Kedua satpam pun menganggukkan kepalanya, mereka berdua berpamitan kala Rama mengatakan kalau ia yang akan mengurus sahabatnya itu. Satpam pun keluar dari dalam apartemen.
"Lu kalo ada masalah tuh cerita sama gue, jangan sampai loe gini setan! Jantung gue hampir meledak saking kagetnya." Gerutunya.
"Hidup gue udah hancur, Ram. Apa yang harus gue pertahanin di dunia ini?" Lirih Naufal.
"Soal Naya?" Tebak Rama yang tahu kemana arah pikiran Naufal.

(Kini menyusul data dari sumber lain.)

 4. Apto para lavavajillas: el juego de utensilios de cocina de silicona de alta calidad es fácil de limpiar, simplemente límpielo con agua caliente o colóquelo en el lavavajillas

"Mischa mau di jodohin sama gue, nyokap sama bokap maksa gue buat terima perjodohan sialan itu. Gue udah cinta banget sama Naya, ini kesempatan gue buat deket sama dia tanpa gue peduli statusnya kayak gimana. Tapi, Naya minta gue terima Mischa yang gak gue cintai." Jelas Naufal.

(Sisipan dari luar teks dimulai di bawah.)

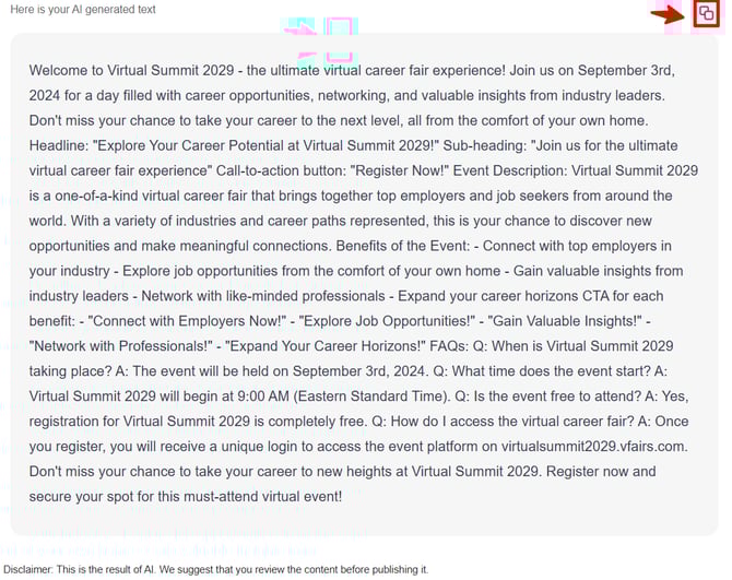 The AI tool successfully generates landing page content based on the selected scope and refinements. Users can efficiently create and apply content that suits their event needs.
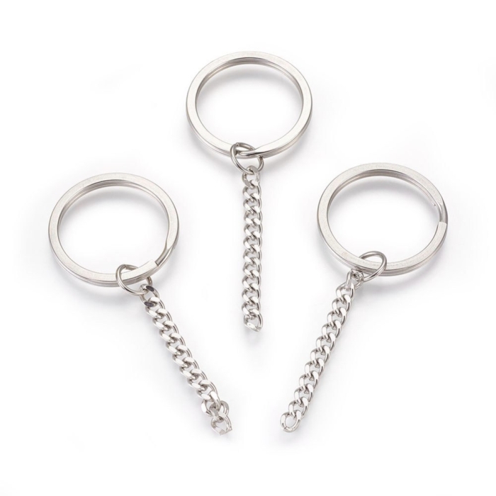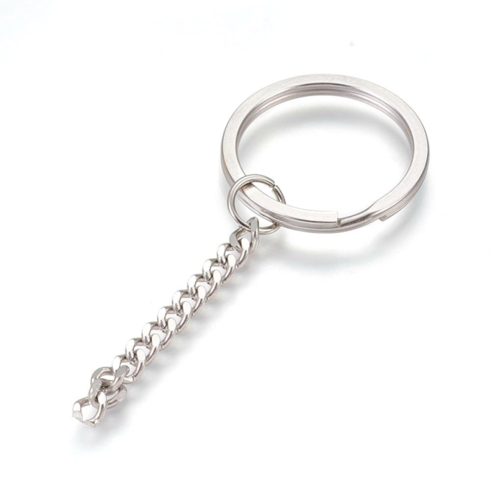 Кольцо Замочек с Цепочкой для Брелоков и Ключей Нержавеющая Сталь, Длина 75мм, Кольцо 30х2.5мм, Звено 5.5x4.5х2мм, (УТ100029887) - ᐈ заказывайте в Москве оптом и в розницу ✅Скидки ✅Акции ✅Распродажи ᐈ доставка по всей России ᐈ Интернет-магазин Мир Бусин

"Alasannya?" Tanya Rama penasaran.
"Ibunya Naya nikah sama Papa Mischa. Keluarganya berantakan, pernikahannya hancur dan dia bilang cuma mau hidup berdua sama anaknya. Naya takut terjadi sesuatu kalau gue gak terima Mischa, Hendaru bisa menghalalkan segala cara untuk nurutin anak kesayangannya." Jawab Naufal pelan.

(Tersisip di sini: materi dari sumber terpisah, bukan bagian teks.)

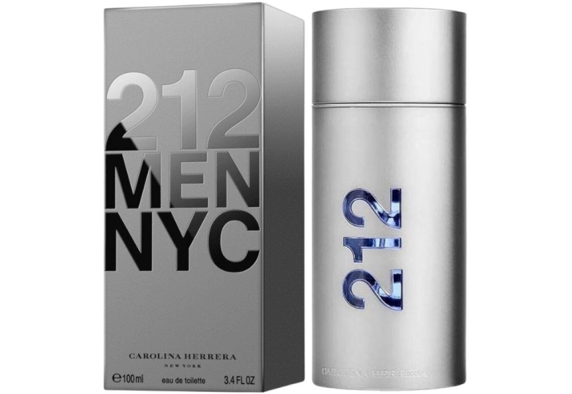 212 Men Eau de Toilette da grife Carolina Herrera, família olfativa amadeirado, perfume masculino espanhol lançado em 1999.
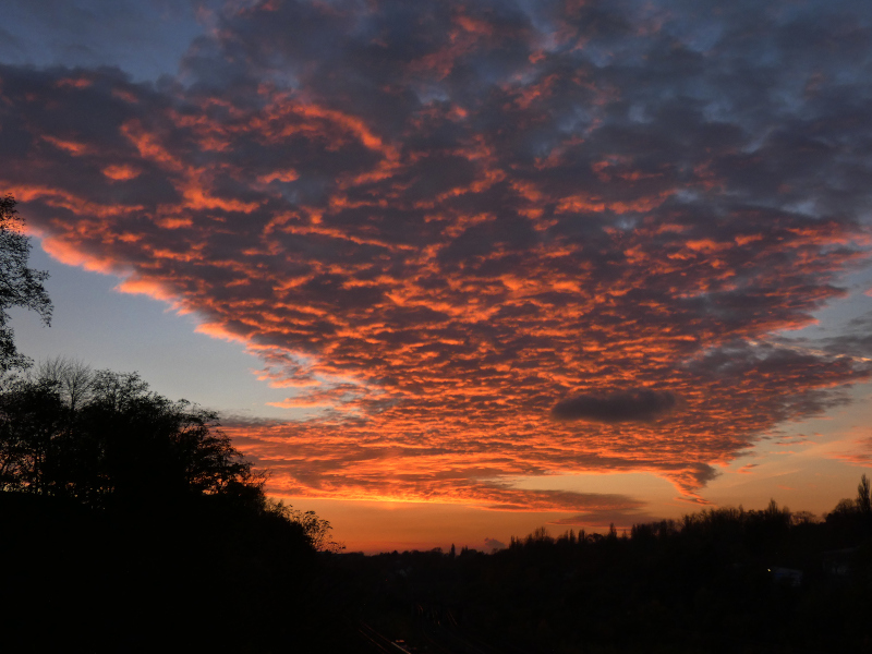 Gestern (5.11.) geb es hier in Bochum auch ein schönes Abendrot, sogar mit Lichtsäule:
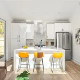 - Kitchen Features: Breakfast Bar, Cabinets White, Stone Counters, View to Family Room
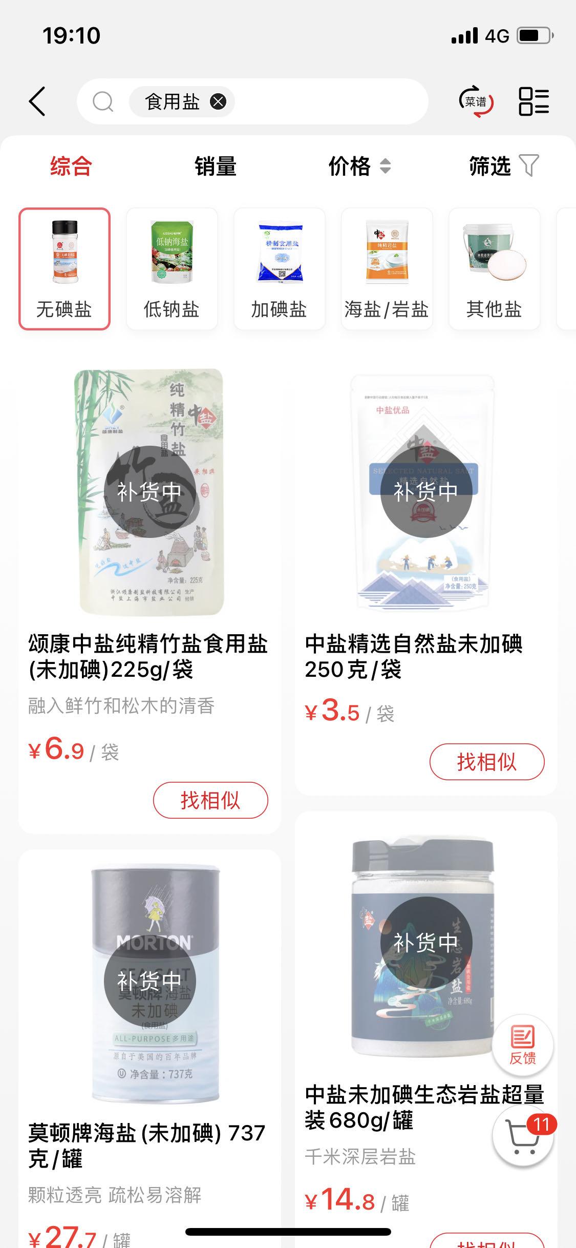 多个线上商超的食盐均显示无货状态。 (网页截图/图)
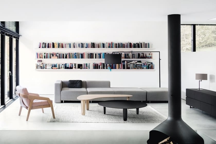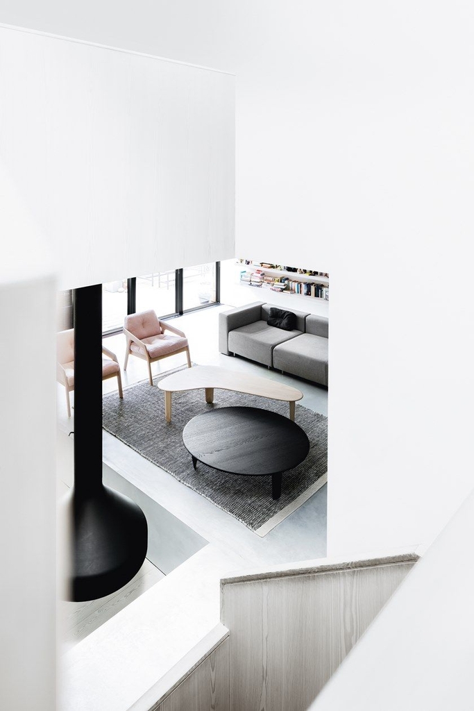 Những viên kim cương được cắt bằng gỗ nguyên khối trông mạnh mẽ về mặt điêu khắc và đồng thời dường như nổi. Bốn hình dạng nguyên mẫu của mặt bàn mời gọi sự tương tác hình học: Hình tam giác, hình tròn, hình chữ nhật và hình dạng tự do chiếm lấy thiết kế của căn phòng.
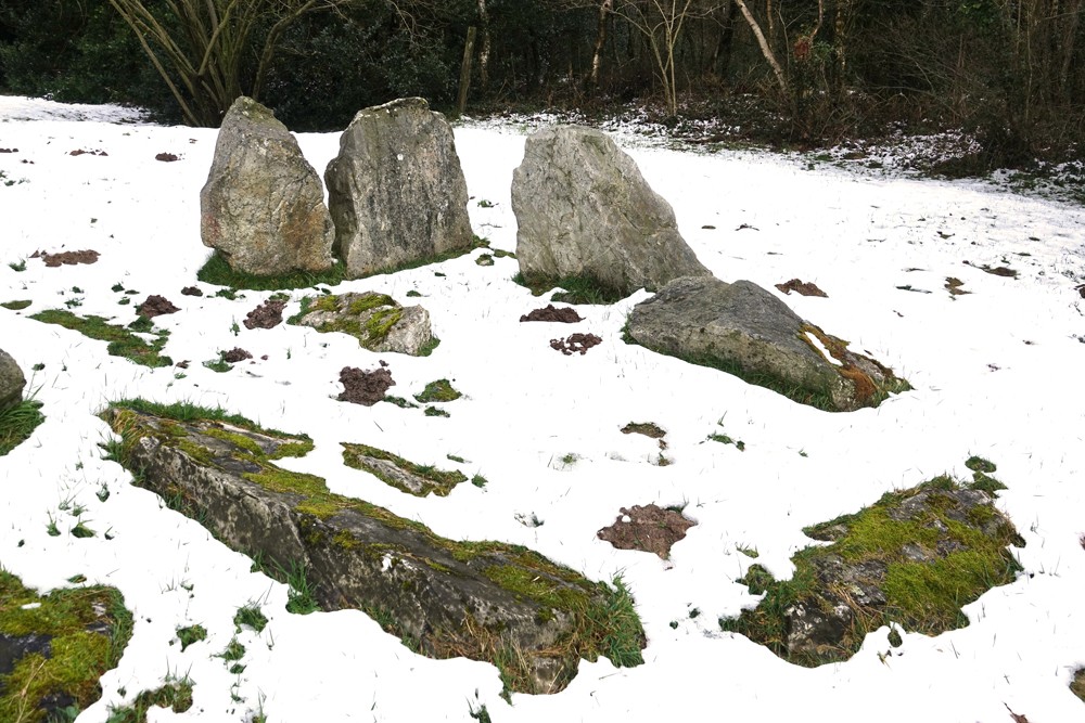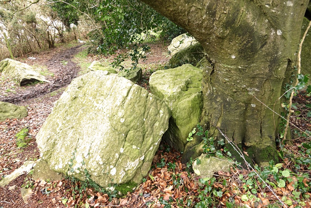 Wie eingangs erwähnt, befinden sich auf der Anhöhe wie übrigens auch in weiteren Wäldern in der Nähe mehrere Allées couvertes (Ganggräber, die ihre Bezeichnung nicht unbedingt verdienen). Diejenigen, die ich offenbar noch sehen konnte, wurden 1966 von einem Bernard Edeine „restauriert“ (das dürfte erfahrungsgemäß zu großen Verfälschungen des heutigen Bildes geführt haben). Ein „Gang“ besteht aus einer nach Osten und Westen ausgerichteten Kammern, die von einem Dutzend Blöcke in zwei parallelen Reihen flankiert wird. Allerdings fehlen die Deckenplatten. Drei Platten teilen den Eingang in zwei Teile. Zusätzlich wurde die Kammer durch flache, 40 bis 50 cm hohe Steintrennwände verschlossen, die an der Kante angebracht wurden. Der Raum war 8 m lang, 1,12 m hoch und 1 m breit und hatte eine grobe Pflasterung.

"Gue tau ini berat banget buat loe. Tapi apa yang Naya katakan itu benar dan sangat masuk akal, loe bayangin aja selama ini dia hidup udah sangat amat rumit dengan siksaan batin yang cukup berat. Sekalipun Naya cinta sama loe akhirnya akan tetep pilih buat ikhlasin loe sama yang lain, karena apa? Karena dia berpengalaman dalam berumah tangga, apa tante Shireen bakal terima Naya dan anaknya begitu saja? Gak sama sekali, ego orangtua loe tinggi. Lebih baik loe pelan-pelan Move on dari Naya, Cinta gak harus memiliki. Melepaskan orang yang kita cintai agar ia lebih bahagia itu hal yang paling berharga, daripada bersamanya tapi bukan bahagia yang dia dapat, tapi terus terluka." Tutur Rama bijak.
Naufal termenung dengan ucapan Rama. Dokter datang mengobati luka di tangan Naufal. Tatapan Naufal kosong dan lurus ke depan, ia sibuk dengan pikirannya sendiri.